JM: Kevin had the script sitting at his house for like eight years after he made the [Bluntman & Chronic] graphic novel for Chasing Amy for Banky and Holden. He had the script sitting there, and I told him that I wanted to start doing different stuff. I wanted to produce and wanted to direct, but I didn’t even know how to go about starting the process. He asked if I knew how to produce and I said I could figure it out, so he said I needed something to produce.
He said, “Well, look. I’ve had this script sitting around forever. Why don’t you take it, produce it, see what comes of it?” I thought that was awesome, because Kevin … Say you wanted to read Clerks III right now. You have to go to his house; he won’t let it leave his house. I thought it was awesome that he gave me a script and was like, “Here, take it. Go do something with it.”
I started thinking about what to do with it, and I called Steve Stark, who is the has done some animations for Kevin and Scott Moser. We started running with it, got about six minutes done, and went to show it to Kevin. He had no idea that I was going to do anything with it. He thought that I was going to put the script on my shelf and let it sit. But he loved it and said “Aw man, we should make it into a movie.” I said it was a great idea, but I wanted to tour with it, the way he did with Red State.

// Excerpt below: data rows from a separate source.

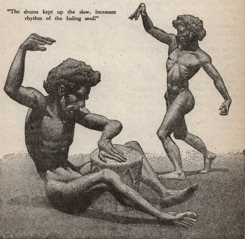 "The drums kept up the slow, incessant rhythm of the fading soul!" From Weird Tales, 1942.
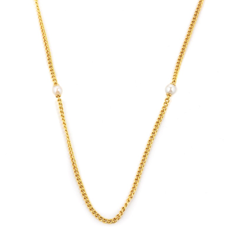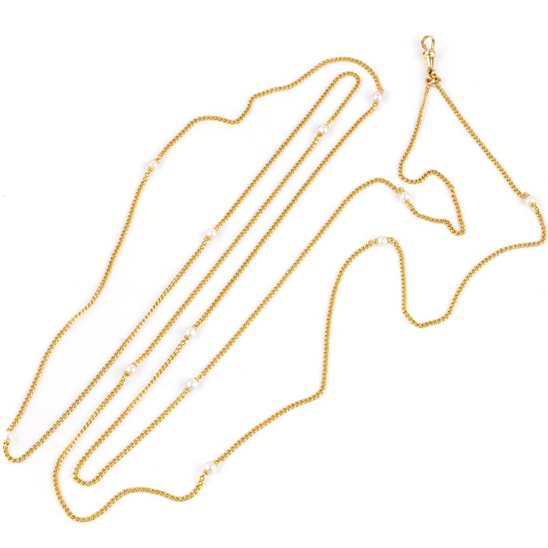 in oro giallo 18kt, realizzata a doppio filo con gancio a moschettone, impreziosita da piccole perle di mm 4 circa, lungh. cm 77, gr. 24
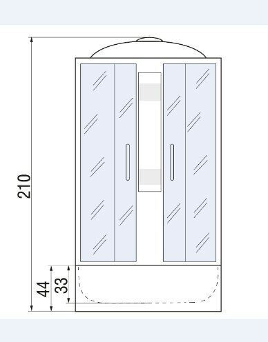 Стильная душевая кабина River Nara 100/44 MT сочетает в себе высокую функциональность, практичность и надежность. Для изготовления применяют безопасное закаленное стекло толщиной 4 мм, надежно фиксируемое алюминиевым профилем. Цвет профиля хром матовый. В комплекте встроенное сиденье, тропический (верхний) душ, душевой гарнитур, смеситель, переключатель режимов, полочка, сифон, передний съемный экран.
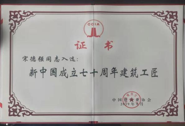 集團職工宋德強同志獲評“新中國成立70周年·建筑工匠”稱號
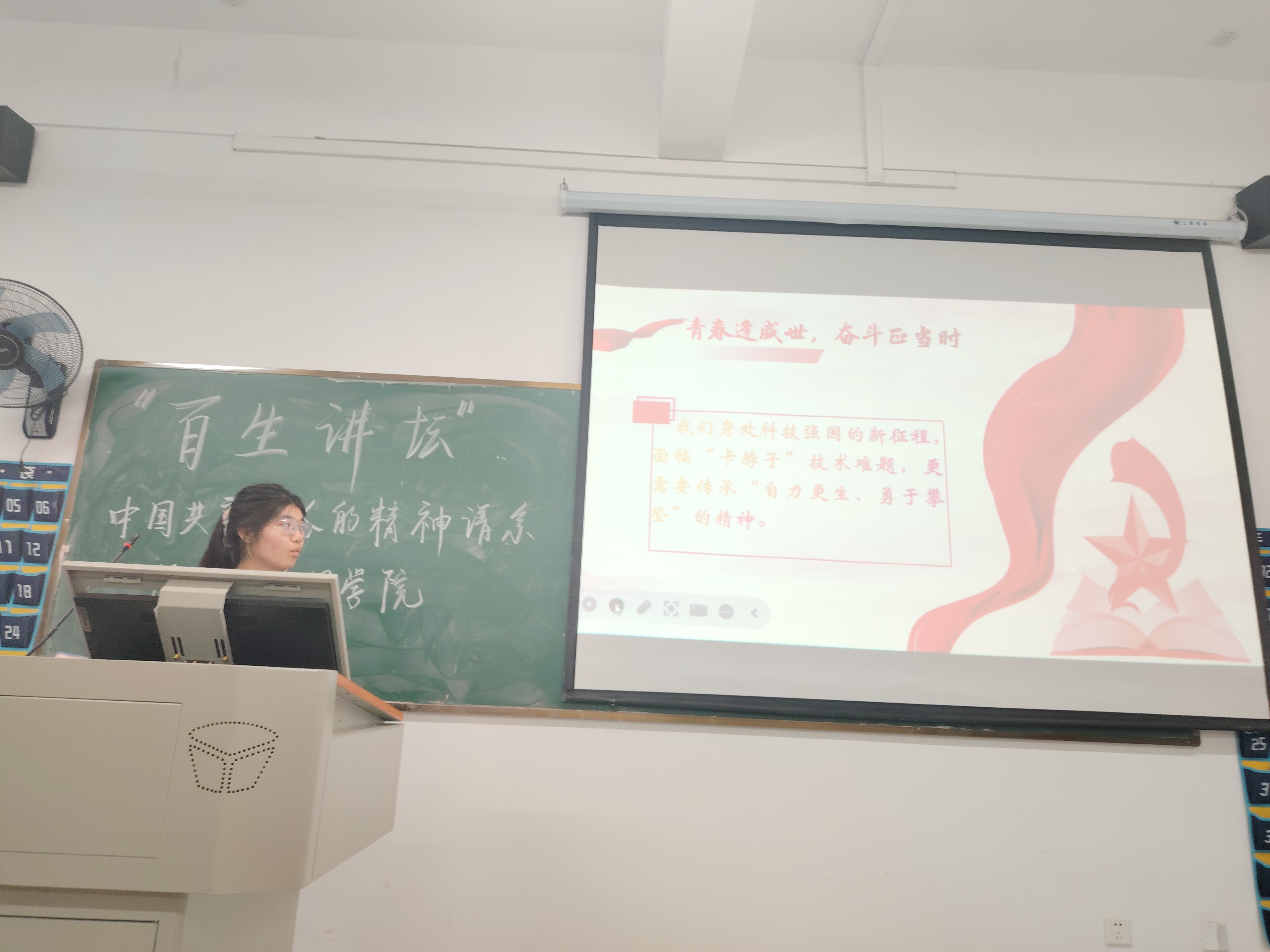 活动开始,学院分团委书记赵娜老师发表致辞。她指出,“百声讲坛” 是学校着力打造的文化育活动,旨在通过演讲的方式进行“红色传承、青春建功和理论践行”为主题的思想教育活动。通过传递思想、分享经验,为学生搭建 “聆听多元声音、碰撞思想火花” 交流平台。赵娜老师强调,青年学生正处于成长成才的关键时期,希望大家以此次讲坛为契机,主动汲取知识养分、激发思考活力,将所学所悟转化为成长动力,在专业学习与社会实践中勇担使命、砥砺前行。
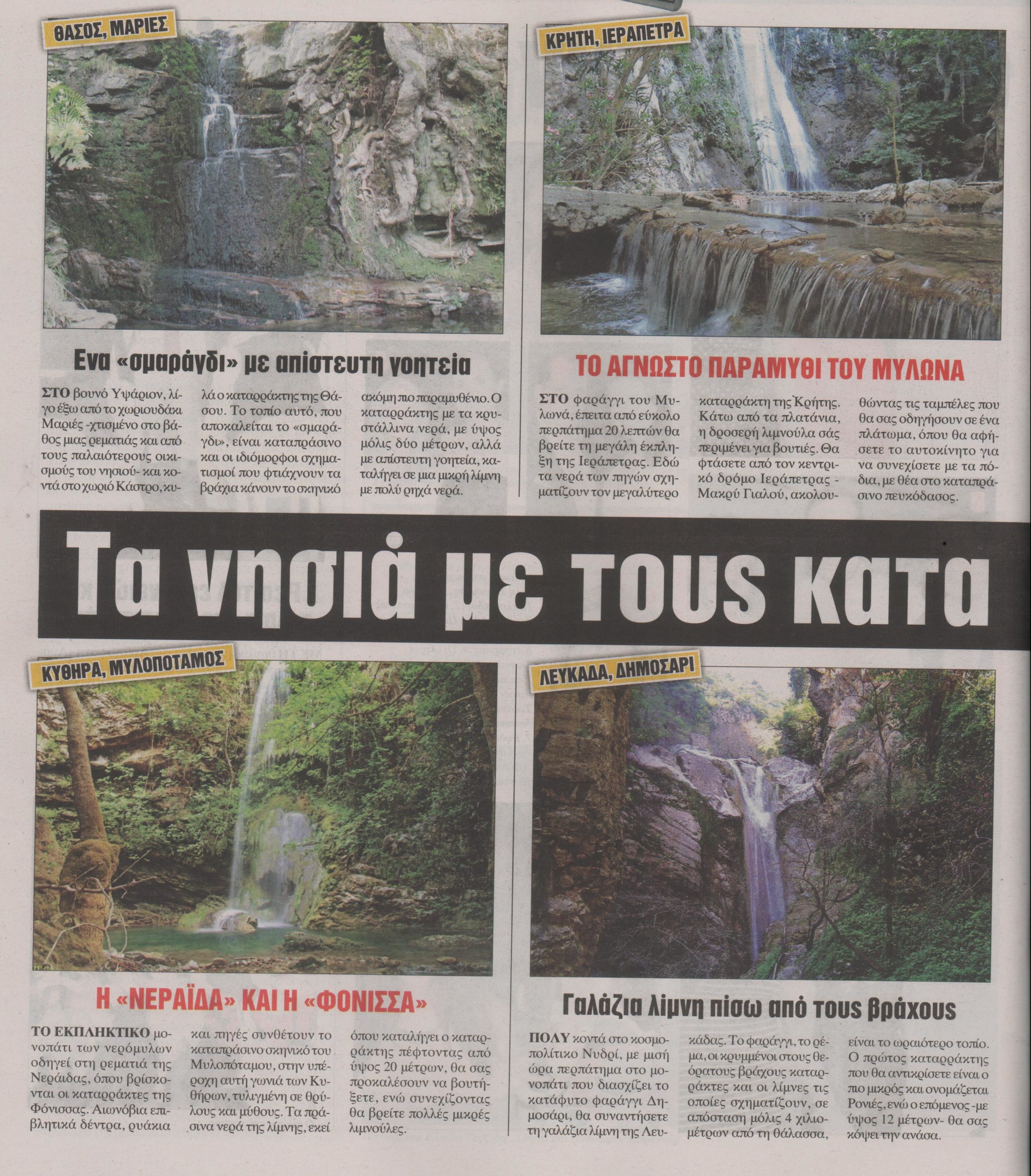 Δεν υπάρχει ελληνικό νησί που να μην διαθέτει υπέροχες παραλίες για αξέχαστε βουτιές. Υπάρχουν, όμως και κάποια – πιο προνομοιούχα – που προσφέρουν κάτι ακόμα: Την ευκαιρία για κολύμπι σε κρυστάλλινα νερά μέσα σε λίμνες που δημιουργούνται από μαγευτικούς καταρράκτες.
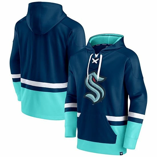 Take to the streets ready to proudly proclaim your Seattle Kraken fandom in this First Battle Power Play hoodie. With its contrasting colorway accentuating the bold Seattle Kraken graphics, this Fanatics Branded pullover is an eye-catching way to root for your favorites. Finished with a lace-up neck for an added bit of flair, this hoodie will have you more ready than ever for the next puck drop.
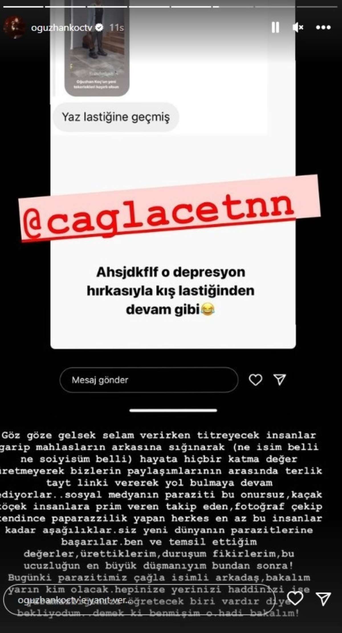 Daha sonra Gossip Pasta'nın hesabını paylaşan Oğuzhan Koç, "Vatandaşları, tanınmış isimlerin üzerine salarak her yerden fotoğraf, video alıp sayfasında paylaşarak para kazanmaya çalışan Çağla ve Çağla gibi bedavacı tüm hesapları ifşa ediyorum bundan sonra. Hakikaten simit sat onurlu yaşa. Alın siz meçhul şarkıcı" dedi.
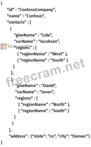 Contoso has an Azure DocumentDB database that contains contact information for customers.

I feel like now, in order to get everybody out of the house to watch a movie, it’s got to be a little more appealing. Everything’s on the interwebs. I thought that we could give them a Q&A podcast, and that’s how it started.
AC: How much of a role did Kevin have in the development of the movie other than the writing?
JM: He didn’t have much, but we would put scenes together throughout. Every once in a while he’d come in and say: “Hey, this joke is outdated. Let me rewrite it. Pop it in here. This joke’s outdated, let’s pull this out and put this in here.” He had a little to do with rewrites, and he did a lot on the sound mix. I’d never done any sound work, so when we got there, he came in and helped out with some of that. I had no idea how much you had to be a master with your ears. If things were off-sync for two seconds, Kevin would notice.
AC: What can cartoon Jay and Silent Bob do that the real life Jay and Silent Bob can’t?
JM: They never age. They can stay young forever.
AC: How does that benefit them as they wage war against the League of Shitters?
JM: Their health being intact, and their wits: I feel like a live-action, 65-year-old Jay and Silent Bob would be slow-moving and slow-witted.
AC: It seems as though Dick Head, one of the film’s bad guys, who shoots ejaculate from his penis-shaped head as a defense mechanism, is the superhero tandem’s most formidable opponent.
JM: I would say that’s definitely the case. We get into his story more than the other characters. He’s strong, and he shoots spew out of his head. Ralph Garman did a great job. I’d say that the whole cast – Eliza Dushku and Ben Gleib – everyone who was a part of it did a great, great job. Ralph does great with Dick Head.
AC: The screening will be followed by a live recording of your podcast.
JM: Yes, we do it a little different. We do a Q&A so that most people can talk about the movie. We’ll record it, throw it up on smodcast.com. So we’ll do that, do a little podcasting, and then at the end, we’ll play a little game we like to call "Let Us Fuck," which’ll bring a few audience members up to the stage for some fun. It’s a three-and-a-half hour extravaganza, if you will.
AC: The game is called "Let Us Fuck"?
AC: What goes on in "Let Us Fuck"?
JM: You bring three audience members up, and then we come up with weird positions. So it’s not missionary style or doggystyle. People will come up with, like, The Chicago Anal Capone, and you have to come up with that position. There’s no nakedness. It’s just pretend air-sex. It’s like an air guitar contest, but with sex positions.
AC: Fair warning: Austin, Texas, is the home of Air Sex competitions.
JM: No way.
AC: Yep. The Air Sex World Championships were founded in Austin just a few years ago.
JM: That’s amazing. I got to remember that and make an announcement of that.